Specific examples of non-particulate lubricants include (1) aliphatic hydrocarbon liquid paraffin, microcrystalline wax, natural paraffin, synthetic paraffin, polyethylene wax,
Polypropylene wax etc.

(2) Higher fatty acid or its metal salt Stearic acid, calcium stearate, hydroxystearic acid, hydrogenated oil, sodium montanate, etc.

(3) Aliphatic amide stearic acid amide, oleic acid amide, erucic acid amide, ricinoleic acid amide, behenamide, methylenebisstearamide, etc.

(4) Fatty acid ester n-butyl stearate, methyl hydroxy stearate, myricyl serotinate, polyhydric alcohol fatty acid ester, ester wax and the like.

(5) Fatty acid ketone Ketone wax etc.

(6) Fatty acid alcohol Lauryl alcohol, stearyl alcohol, myristyl alcohol, cetyl alcohol, etc.

(7) Partial ester of fatty acid and polyhydric alcohol Glycerin fatty acid ester, hydroxystearic acid triglyceride, sorbitan fatty acid ester and the like.

(8) Nonionic surfactant Polyoxyethylene alkyl ether, polyoxyethylene phenyl ether, polyoxyethylene alkylamide, polyoxyethylene fatty acid ester and the like.

(9) Silicone oil Linear methyl silicone oil, methylphenyl silicone oil, modified silicone oil, etc.

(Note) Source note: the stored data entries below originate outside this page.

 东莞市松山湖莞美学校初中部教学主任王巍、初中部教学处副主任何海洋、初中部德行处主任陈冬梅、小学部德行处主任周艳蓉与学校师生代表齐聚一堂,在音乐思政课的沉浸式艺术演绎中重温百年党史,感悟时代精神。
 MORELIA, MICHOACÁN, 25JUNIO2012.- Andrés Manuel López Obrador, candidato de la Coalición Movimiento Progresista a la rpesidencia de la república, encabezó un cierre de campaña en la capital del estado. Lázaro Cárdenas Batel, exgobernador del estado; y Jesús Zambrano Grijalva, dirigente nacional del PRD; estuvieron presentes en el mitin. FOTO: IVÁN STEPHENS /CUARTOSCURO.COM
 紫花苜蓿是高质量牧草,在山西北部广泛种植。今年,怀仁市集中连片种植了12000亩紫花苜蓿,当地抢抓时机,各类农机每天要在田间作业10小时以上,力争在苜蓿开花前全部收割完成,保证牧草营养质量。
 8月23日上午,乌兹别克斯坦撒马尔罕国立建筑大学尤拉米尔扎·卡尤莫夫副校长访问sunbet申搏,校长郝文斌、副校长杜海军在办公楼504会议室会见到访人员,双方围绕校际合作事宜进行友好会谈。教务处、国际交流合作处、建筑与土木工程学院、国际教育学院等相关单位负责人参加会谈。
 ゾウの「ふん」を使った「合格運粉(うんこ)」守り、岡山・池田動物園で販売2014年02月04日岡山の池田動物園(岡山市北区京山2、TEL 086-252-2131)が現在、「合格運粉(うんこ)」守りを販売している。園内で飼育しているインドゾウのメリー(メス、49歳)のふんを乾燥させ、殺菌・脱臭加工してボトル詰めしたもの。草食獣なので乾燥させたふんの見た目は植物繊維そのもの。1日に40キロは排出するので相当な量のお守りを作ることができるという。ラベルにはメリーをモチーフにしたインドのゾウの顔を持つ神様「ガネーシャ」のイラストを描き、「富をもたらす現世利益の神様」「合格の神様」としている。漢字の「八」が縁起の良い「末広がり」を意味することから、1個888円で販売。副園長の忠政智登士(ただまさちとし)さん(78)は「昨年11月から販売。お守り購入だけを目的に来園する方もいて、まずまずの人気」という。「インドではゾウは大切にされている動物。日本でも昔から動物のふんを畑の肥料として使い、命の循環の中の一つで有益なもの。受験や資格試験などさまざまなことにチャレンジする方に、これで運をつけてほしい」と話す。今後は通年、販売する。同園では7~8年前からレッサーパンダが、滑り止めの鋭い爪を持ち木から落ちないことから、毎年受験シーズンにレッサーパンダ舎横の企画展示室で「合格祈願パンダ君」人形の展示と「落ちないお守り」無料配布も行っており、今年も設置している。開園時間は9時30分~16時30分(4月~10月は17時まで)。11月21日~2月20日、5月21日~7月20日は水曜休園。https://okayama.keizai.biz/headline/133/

(10) Fluorine-based surfactant Fluoroalkylcarboxylic acid, perfluoroalkylcarboxylic acid, monoperfluoroalkylethyl phosphate, perfluoroalkyl sulfonate, etc.

Inorganic fine particles having an average particle size of 0.001 to 1 μm, for example, dry silica, wet silica, zeolite, calcium carbonate, calcium phosphate, kaolin, kaolinite, clay, talc, and oxidation are used in combination with the above non-particulate lubricant. Titanium, alumina, zirconia, aluminum hydroxide, etc. are added to the (I) layer and / or (II) layer in 0.0
If the content is 1 to 0.5% by weight, the effect of the non-particulate lubricant can often be synergistically enhanced.

The polyester film of the present invention thus obtained can be used as a heat-sensitive stencil printing base paper by laminating a predetermined porous thin paper with a known adhesive according to a conventional method.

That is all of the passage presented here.